Security tokens can pioneer a novel approach to financing, engagement, rewards, or governance. They act as a form of user assurance, deployed on the blockchain.
On the contrary, tokenized securities are time-tested financial tools that have evolved into a digital format and migrated onto the blockchain to broaden their market reach. They have become more user-friendly, liquid, and transparent, offering increased flexibility and enhanced regulation. Importantly, they maintain the same operating rules as they did in their original form.
Why is it important not to conflate these terms?

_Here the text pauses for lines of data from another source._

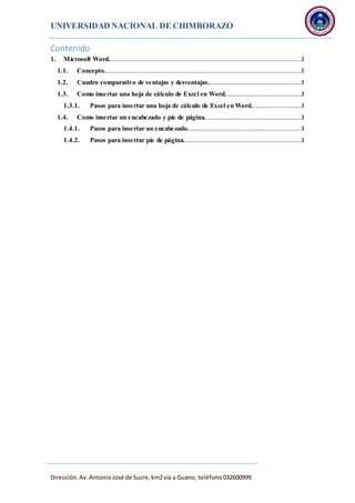 Este documento proporciona instrucciones sobre cómo usar Microsoft Word. Explica cómo insertar una hoja de cálculo de Excel, encabezados y pies de página en Word. También incluye un cuadro comparativo de las ventajas y desventajas de Word. El documento fue escrito por Xiomara Stefany Guerrero de la Rosa para un curso de informática en la Universidad Nacional de Chimborazo en Riobamba, Ecuador.
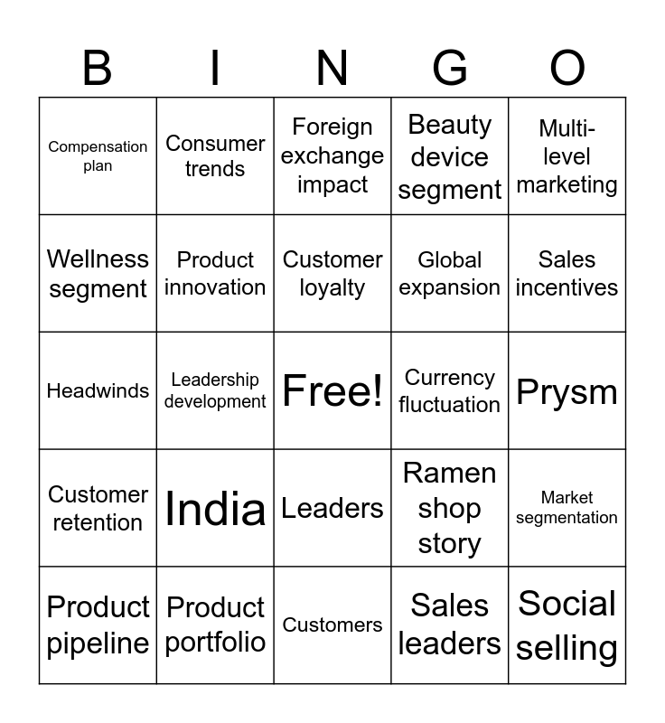 This bingo card has a free space and 60 words: Independent distributors, Product portfolio, Customer acquisition, Customer retention, Sales leaders, Active customers, Product innovation, Digital transformation, Global expansion, Market penetration, Beauty device segment, Skincare segment, Wellness segment, Product launch, Regulatory environment, Compensation plan, Social selling, Multi-level marketing, Distributor engagement, Customer loyalty, Currency fluctuation, Foreign exchange impact, Product pipeline, Market segmentation, Gross margin, Operating margin, Productivity initiatives, Agility Solutions, Sales incentives, Brand affiliates, Anti-aging products, Clinical studies, Recurring revenue, Channel strategy, Consumer trends, Sales volume, Person-to-person marketing, Leadership development, Sustainable growth, Headwinds, Macroeconomic, India, Prysm, Any extreme sport reference, Ramen shop story, Steve Hatchett's Praises, Excitement, Opportunity, Book Reference, Leaders, Customers, Direct Sales, Fortunate, Nu Skin Way, Global Economy, Argentina, South East Asia, Force for Good, The Street and Tariffs.
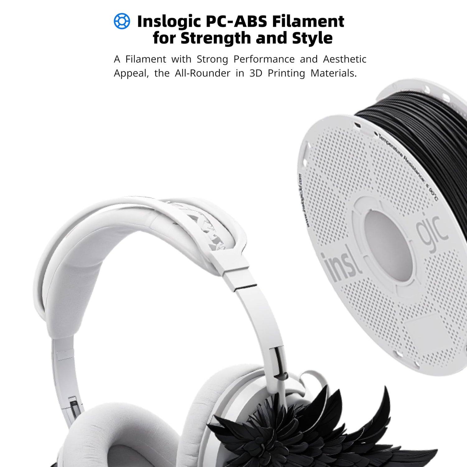 Inslogic PC-ABS Filament 1.75mm, Black Polycarbonate Filament 1.75mm Blend with ABS 1kg - Tough and Heat Resistant 1.75mm 3D Printer Polycarbonate Filament, Dimensional Accuracy +/- 0.02mm
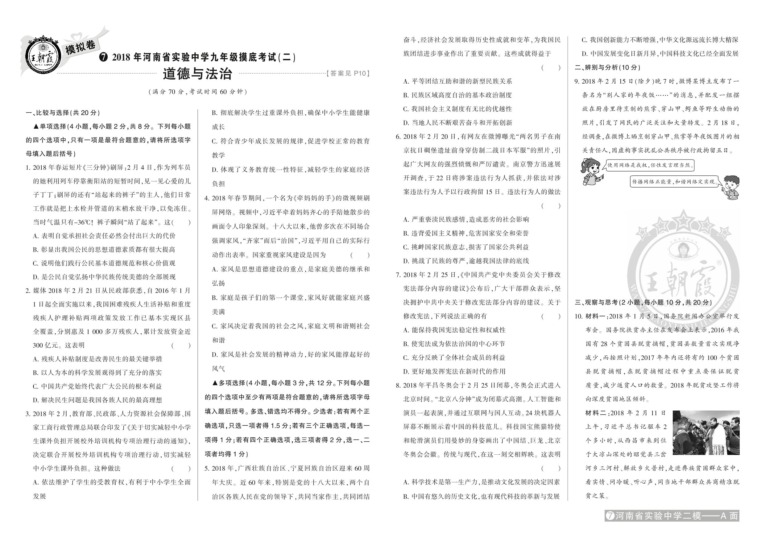 2018年河南省实验中学九年级摸底考试(二)【7】
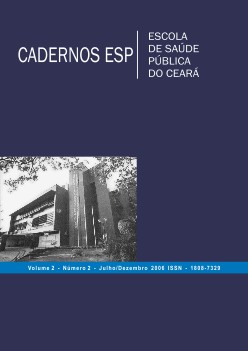 v. 2 n. 2 (2006)A revista “Cadernos da Escola de Saúde Pública” (Cadernos ESP), órgão oficial da Escola de Saúde Pública Paulo Marcelo Martins Rodrigues da Secretaria de Saúde do Estado do Ceará foi criada em 2005 com a missão de publicar artigos originais e inéditos de natureza científica, apresentando resultado de pesquisas relevantes para a saúde pública, de interesse regional nacional e internacional, visando à redução das desigualdades em saúde no Brasil.
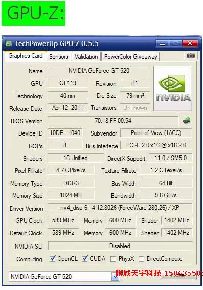 盈驰科技推出的这款英伟达GT520高清游戏显卡,真实1024M,不是共享 ,价格实惠,性价比高,适合普通家用升级独立显卡,能够对付一般大型3D游戏;流畅播放高清电影!绝对是对游戏性能要求不是特别特别高的升级
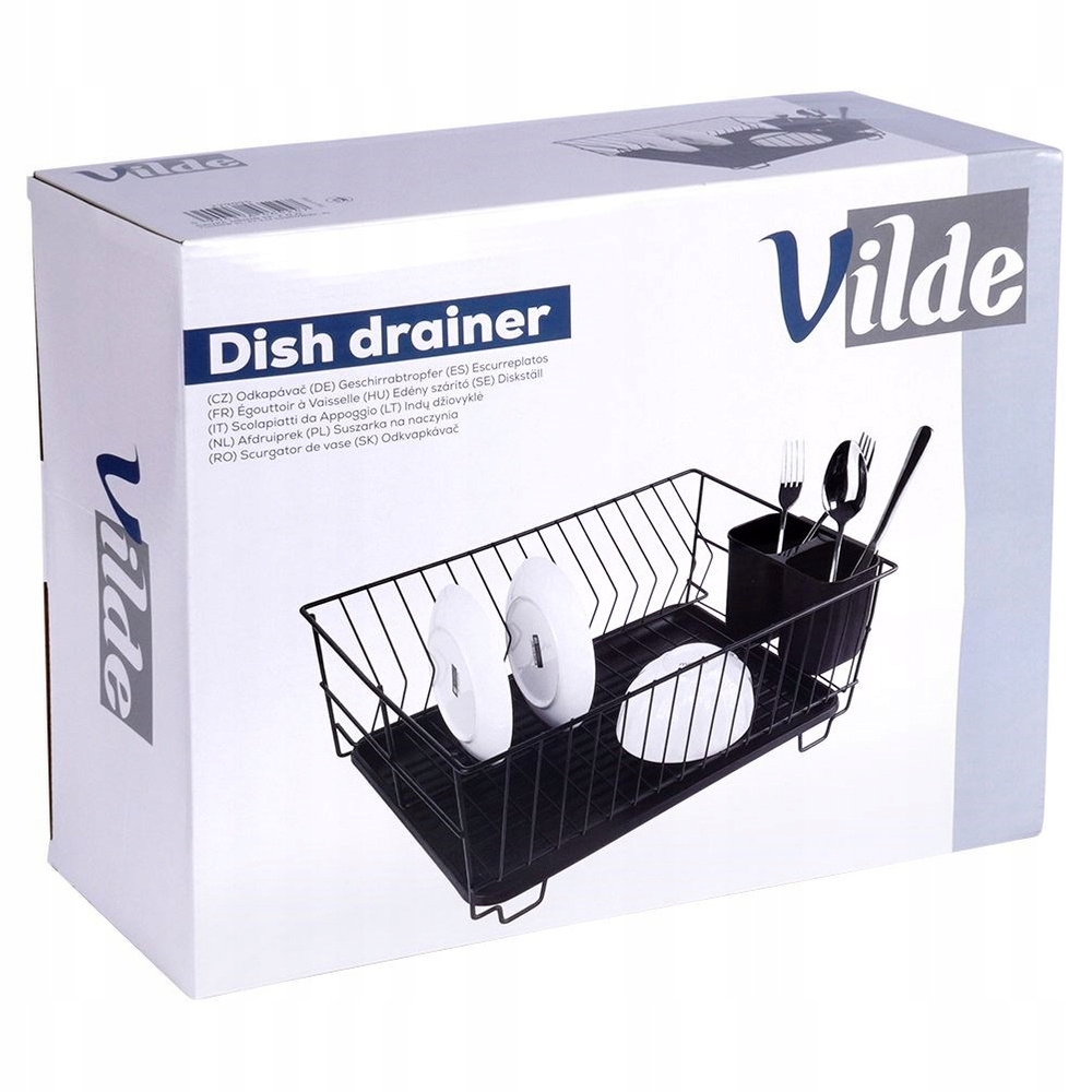 Компактна сушарка для посуду з місцем для тарілок і столових приборів. Виготовлений з міцних матеріалів. Завдяки цьому ви забудете про неприбраний посуд і мокрі сліди на верхній частині шаф біля мийки. Сушильна машина є обов'язковим елементом кухонного обладнання. Виконана в елегантному стилі і в той же час функціональна. Легко чистити. Він має знімний піддон для крапель, тому підтримувати його в чистоті не проблема. Оригінальна продукція Vilde. Виготовлена відповідно до європейських стандартів.
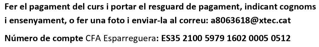 Dades pagament – CFA Esparreguera admin09/09/25 Per a confirmar la teva plaça a un ensenyament has de:
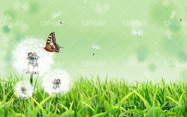 تصویر با کیفیت پروانه به همراه چشم انداز زیبای بهار و طبیعت
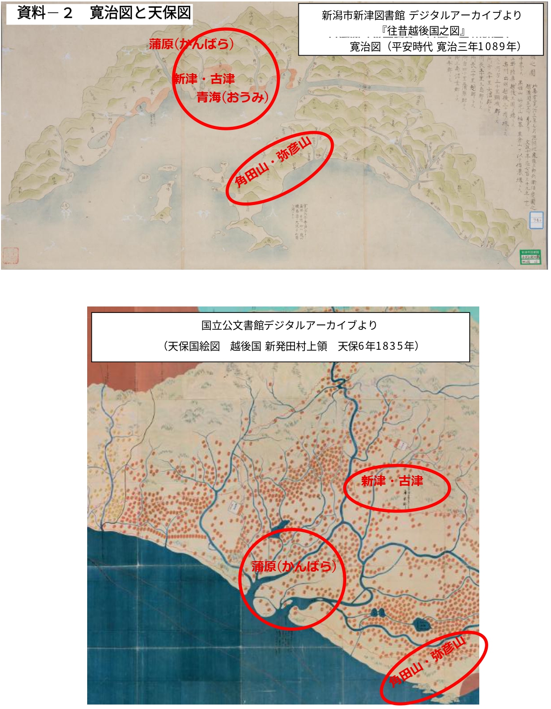 資料-2 寛治図と天保図(新潟県立図書館編『県立図書館で調べよう 新潟県の古地図 「寛治図」・「康平図」から近代まで』より) -
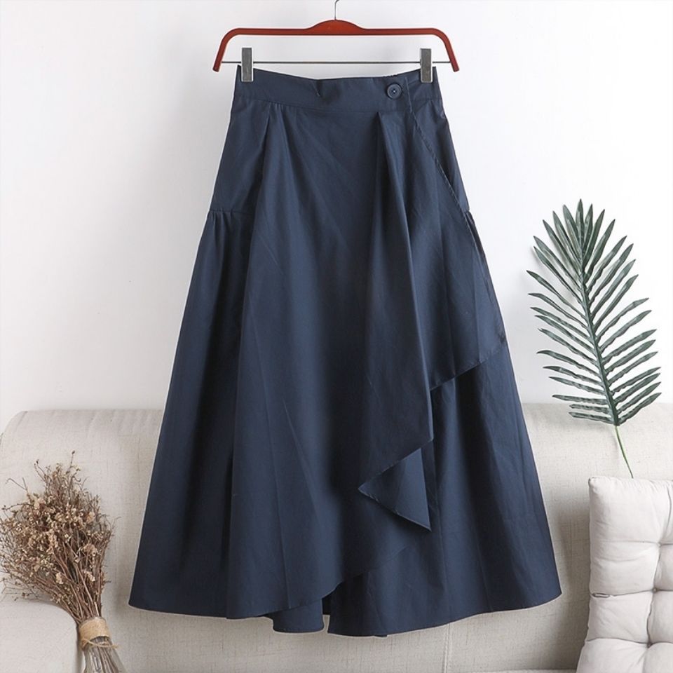 Rok lipit kurus siswa a-line, rok musim gugur gemuk ukuran plus wanita rok payung pinggang tinggi baru anti-cahaya MM
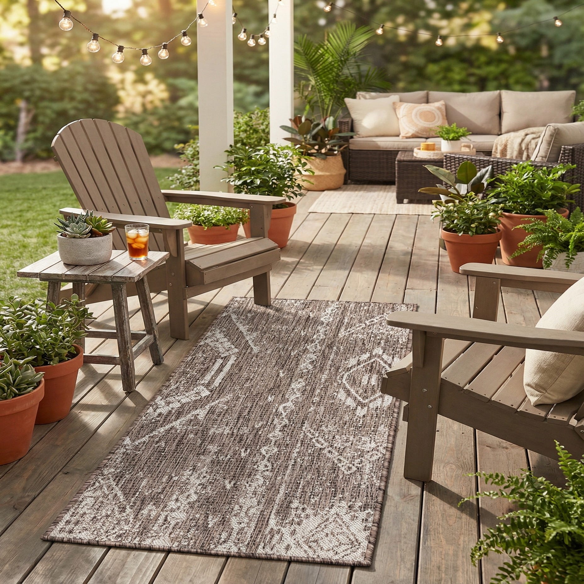 A 4 ft runner rug from the Outdoor Bohemian collection, featuring a modern geometric pattern in browns and tans, suitable for indoor/outdoor use.

Primarily, it relates to regulatory oversight. As we have determined, tokenized securities are digital counterparts of recognized financial instruments, and as such, they adhere to an existing set of rules and laws. Regulatory bodies are typically uninterested in them. However, this is not the case for other security tokens, which could fall under regulatory scrutiny if they represent something novel that doesn't meet established securities requirements.
Migrating stocks and bonds to the blockchain helps traditional investments adapt to current realities, but this doesn't necessarily spur the cryptocurrency market into a new phase of transformation. Conversely, security tokens could indeed serve as catalysts for growth, a potential that is currently constrained due to legal uncertainties.
If the appropriate legislative framework is established, this form of crypto assets could incite changes in existing investment and collaboration paradigms.